#### Aim of the task:
Within the data that follows, set down exactly the lines from the one containing "- Reechem cung" through the one containing "フラワーアレンジメントに秋の", both ends included.

#### Input records:
☆ ☆ ☆ ☆

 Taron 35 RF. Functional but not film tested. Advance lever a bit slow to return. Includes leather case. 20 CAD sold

☆ ☆ ☆ ☆

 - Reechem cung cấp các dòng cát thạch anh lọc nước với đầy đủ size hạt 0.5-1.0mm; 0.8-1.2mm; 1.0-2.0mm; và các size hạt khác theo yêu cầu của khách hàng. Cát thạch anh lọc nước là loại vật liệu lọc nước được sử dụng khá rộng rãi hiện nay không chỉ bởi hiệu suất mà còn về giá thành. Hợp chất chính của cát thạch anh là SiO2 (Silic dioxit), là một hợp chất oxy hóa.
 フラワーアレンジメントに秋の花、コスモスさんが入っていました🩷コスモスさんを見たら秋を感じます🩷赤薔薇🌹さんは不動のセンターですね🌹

☆ ☆ ☆ ☆

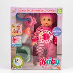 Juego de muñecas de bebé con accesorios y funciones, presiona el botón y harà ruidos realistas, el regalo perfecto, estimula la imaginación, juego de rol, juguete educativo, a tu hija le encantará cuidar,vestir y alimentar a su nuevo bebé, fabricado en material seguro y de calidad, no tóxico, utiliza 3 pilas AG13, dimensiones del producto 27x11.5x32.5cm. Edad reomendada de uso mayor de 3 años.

☆ ☆ ☆ ☆

#### Exercise result:
 - Reechem cung cấp các dòng cát thạch anh lọc nước với đầy đủ size hạt 0.5-1.0mm; 0.8-1.2mm; 1.0-2.0mm; và các size hạt khác theo yêu cầu của khách hàng. Cát thạch anh lọc nước là loại vật liệu lọc nước được sử dụng khá rộng rãi hiện nay không chỉ bởi hiệu suất mà còn về giá thành. Hợp chất chính của cát thạch anh là SiO2 (Silic dioxit), là một hợp chất oxy hóa.
 フラワーアレンジメントに秋の花、コスモスさんが入っていました🩷コスモスさんを見たら秋を感じます🩷赤薔薇🌹さんは不動のセンターですね🌹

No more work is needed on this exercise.